On Mr. Obama, in his campaigns for the nomination and then for the actual job, I don't think he said much about Mexico. He voted in favour of the wall during the Bush administration. He said nice things to the National Rifle Association during the election.

This suggests, in his first period in power in any case, that he's not going to look at the root cause of the drug problem, namely, the consumer demand for drugs, which itself causes the cartels to make their huge profits and kill off thousands and thousands of people in Mexico. Also, he hasn't shown any willingness to risk political capital on the immigration question.

Nevertheless, he is obviously conscious of the Mexican problem, but given his other priorities, which are urgent on the economic front and urgent on the international financial front, I wouldn't expect him to spend political capital on Mexico.

4:05 p.m.

Conservative

The Chair Conservative Kevin Sorenson

Thank you, Mr. Clarkson.

We'll move to Monsieur Crête.

4:05 p.m.

Bloc

Paul Crête Bloc Montmagny—L'Islet—Kamouraska—Rivière-du-Loup, QC

Thank you, Mr. Chairman. I'll be sharing the time allotted to me with Ms. Deschamps.

I would ask each of you to suggest to us an action that must be given priority. Everyone in Canada agrees on the importance of our relationship with the United States. Is there a single action that you would like to see expanded or put forward? I would appreciate a brief response from each of the three participants.

4:05 p.m.

Professor, Political Science, University of Toronto

Prof. Stephen Clarkson

Perceptions of terrorism should be changed because U.S. paranoia is the principal factor undermining the entire vision of an integrated North America. It's this unreal paranoia that leads Americans to close their borders as much as possible. That's also the Mexican priority.

4:10 p.m.

Bloc

Paul Crête Bloc Montmagny—L'Islet—Kamouraska—Rivière-du-Loup, QC

Mr. Grenier.

4:10 p.m.

Associate Professor, Department of Political Science, Laval University, As an Individual

Carl Grenier

I'd say the priority is here in Ottawa.
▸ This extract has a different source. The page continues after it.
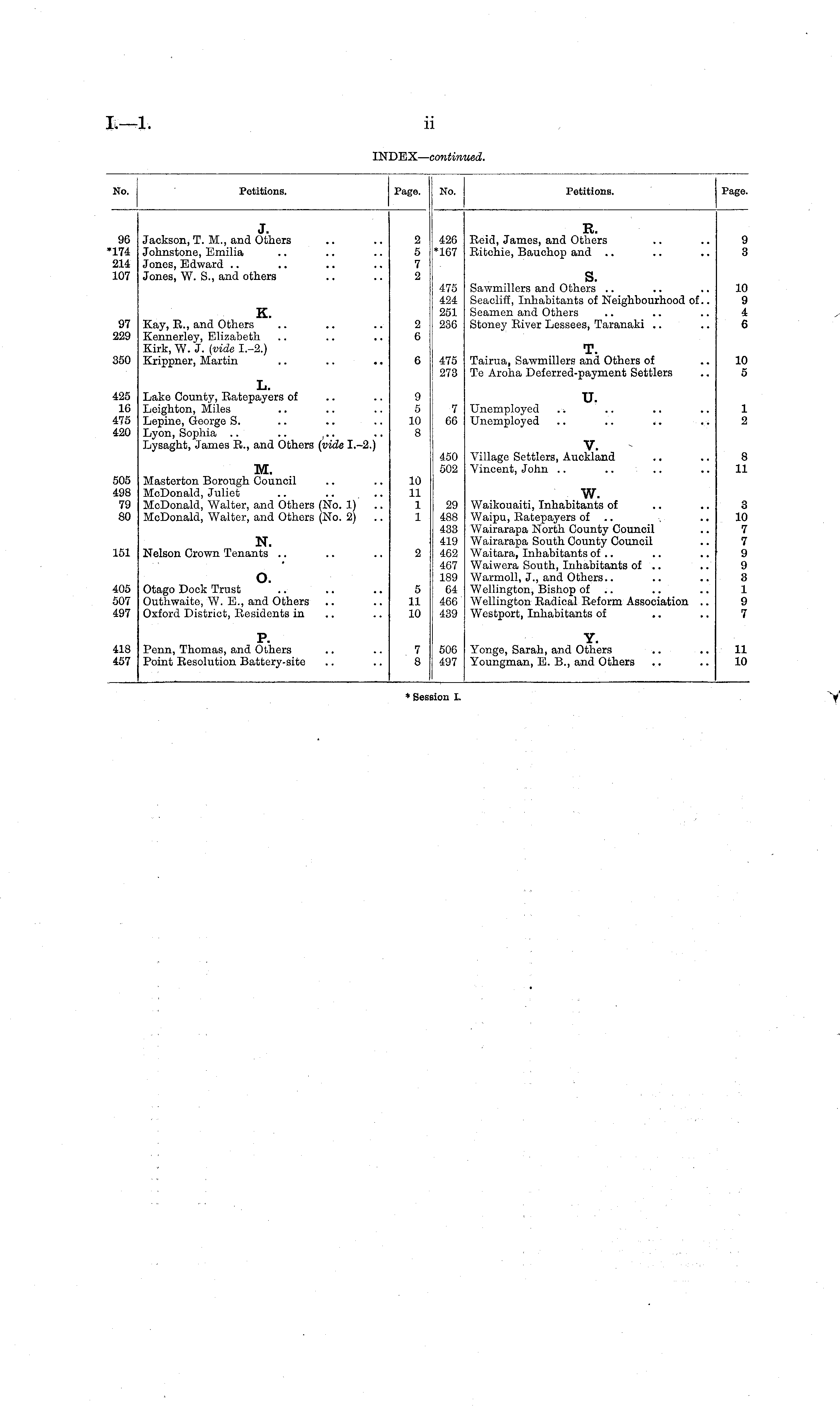 No. Petitions. Page. No. Petitions. Page. 96 '174 214 107 J. Jackson, T. M., and Others Johnstone, Emilia Jones, Edward Jones, W. S., and others 2 5 7 2 426 *167 R. Reid, James, and Others Ritchie, Bauchop and 9 3 K. Kay, E., and Others Kennerley, Elizabeth Kirk, W. J. (vide I.-2.) Krippner, Martin 475 424 251 236 s. Sawmillers and Others Seaclifi, Inhabitants of Neighbourhood of.. Seamen and Others Stoney River Lessees, Taranaki .. 10 9 i 6 97 229 2 6 350 6 475 273 T. Tairua, Sawmillers and Others of Te Aroha Deferred-payment Settlers 10 5 425 16 475 420 L. Lake County, Ratepayers of Leighton, Miles Lepine, George S. Lyon, Sophia .. .. ( .. Lysaght, James R., and Others (vide I.-2.) 9 5 10 8 7 66 u. Unemployed Unemployed 1 2 450 502 V. Village Settlers, Auckland .. Vincent, John .. 8 11 505 498 79 80 M. Masterton Borough Council McDonald, Juliet McDonald, Walter, and Others (No. 1) .. McDonald, Walter, and Others (No. 2) .. 10 11 1 1 29 488 433 419 462 467 189 64 466 439 w. Waikouaiti, Inhabitants of Waipu, Ratepayers of Wairarapa North County Council Wairarapa South County Council Waitara, Inhabitants of .. Waiwera South, Inhabitants of .. Warmoll, J., and Others.. Wellington, Bishop of Wellington Radical Reform Association .. Westport, Inhabitants of 151 N. Nelson Crown Tenants .. 2 3 10 7 7 9 9 3 1 9 7 405 507 497 o. Otago Dock Trust Outhwaite, W. E., and Others Oxford District, Residents in 5 11 10 418 457 P. Penn, Thomas, and Others Point Resolution Battery-site 7 3 506 497 Y. Yonge, Sarah, and Others Youngman, E. B., and Others 11 10 iesi don I.

I think that, when you commit to a dispute settlement system, for example—and I differ with Mr. McRae here—you stick to it. We must be prepared, precisely as he said, to lose if we lose and to apply sanctions. Obviously, the partner must do the same thing. Given the asymmetry in relations between Canada and the United States, which won't be disappearing any time soon, we really must not constantly go back to diplomacy. We don't carry enough weight to do that. So we have to rely on the system and make it work properly.

4:10 p.m.

Bloc

Paul Crête Bloc Montmagny—L'Islet—Kamouraska—Rivière-du-Loup, QC

Asymmetry, that's our 30 million citizens versus 300 million in the United States. That's 10% of their economic weight.

4:10 p.m.

Associate Professor, Department of Political Science, Laval University, As an Individual

Carl Grenier

That's it.

4:10 p.m.

Bloc

Paul Crête Bloc Montmagny—L'Islet—Kamouraska—Rivière-du-Loup, QC

Mr. McRae.

4:10 p.m.

Prof. Donald McRae

I'd like to move to a slightly different area and something that also concerns me--I believe you'll have hearings on this at a somewhat later stage--and that is the Arctic. I would say to stop being so defensive about what we think the United States thinks about the Arctic, to simply go ahead and act as if the Arctic archipelago and the Northwest Passage are Canadian and run by Canada and not be concerned about what the United States says.